In its new brief, the Connecticut fund countered that materiality is a merits question that applies equally to all shareholders. The fund said that Amgen is urging a cramped reading of Basic, which stands for the principle that shareholders can be certified as a class without having to show that each of them relied on alleged misstatements. “If the securities at issue were traded in an efficient market (which Amgen concedes in this case), then reliance converges with the objective, common questions of materiality and falsity,” the fund argued. “Materiality can have only one class-wide answer because it relates to the misstatement’s importance to a reasonable investor.”

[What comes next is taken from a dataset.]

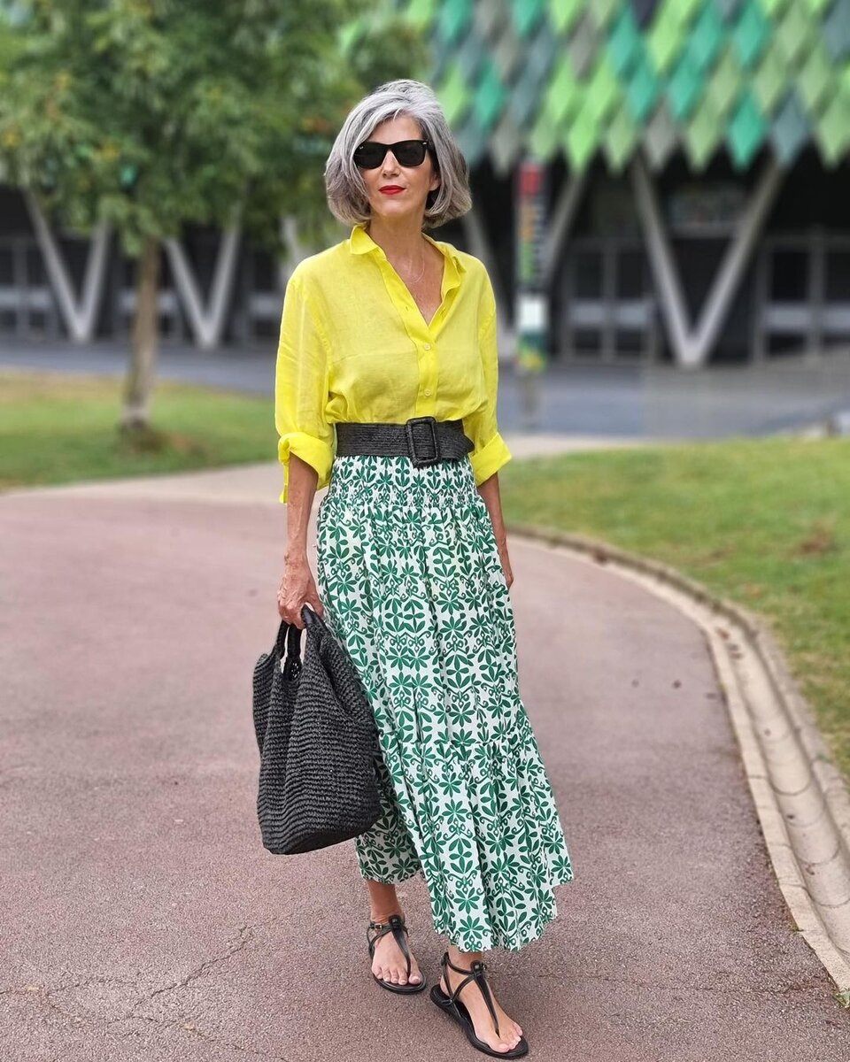- Не стоит бояться ярких красок, но необходимо выбирать оттенки, которые вам идут. Для создания стильного образа использована рубашка лимонного оттенка и длинная плиссированная юбка с принтом в бело-зеленых тонах. Талия подчеркнута широким кожаным ремнем.
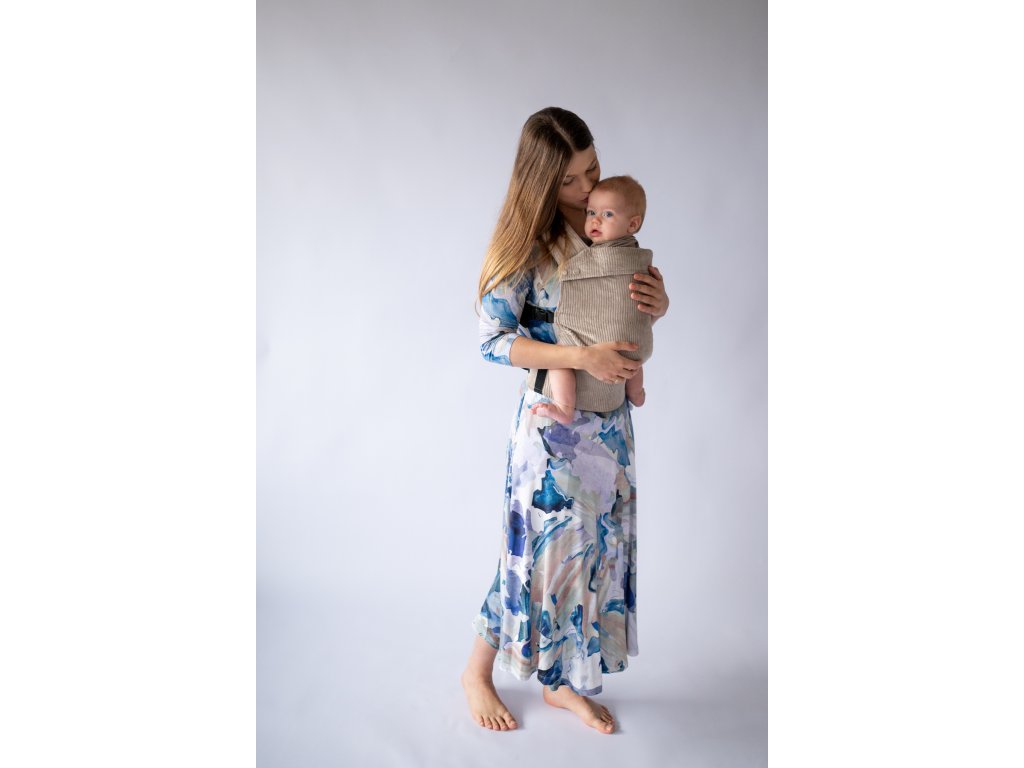 Bederní pás a nastavení šířky panelu na něm je totální inovací, kterou jinde nenajdete. Díky použití popruhů na nastavovací pásce opatřené váhou dítěte je možné nosítko velmi přesně nastavit, panel se nikde neshrnuje, ale velmi esteticky se skládá do záševků.

The fund said that far from promoting efficiency, as Amgen argued, considering materiality at the class certifications stage would defeat the entire purpose of class actions. “Lack of materiality should end the case on the merits, but refusing class certification on that basis would merely splinter a single class action into countless individual cases, because denial of class certification on materiality grounds does not have issue-preclusive effect on the materiality issue on the merits,” the fund’s brief said. It asserted that Amgen is asking the court, in effect, to undo Congress’s “considered policy judgments” in striking a balance “between allowing class actions that hold companies and individuals accountable for their false statements and eliminating actions that might be abusive.” (Amici for the fund haven’t yet filed briefs.)

The issue of materiality at the class certification stage seems arcane, but as the competing merits briefs point out, the ramifications for securities class actions are huge. Shareholders dodged a bullet on a similar issue in last year’s Halliburton ruling, in which the justices chose to restrict their finding to a consideration of the 5th Circuit’s definition of loss causation. But when the court agreed to hear Amgen, it showed it’s not yet done with securities fraud class certification. Can shareholders dodge again?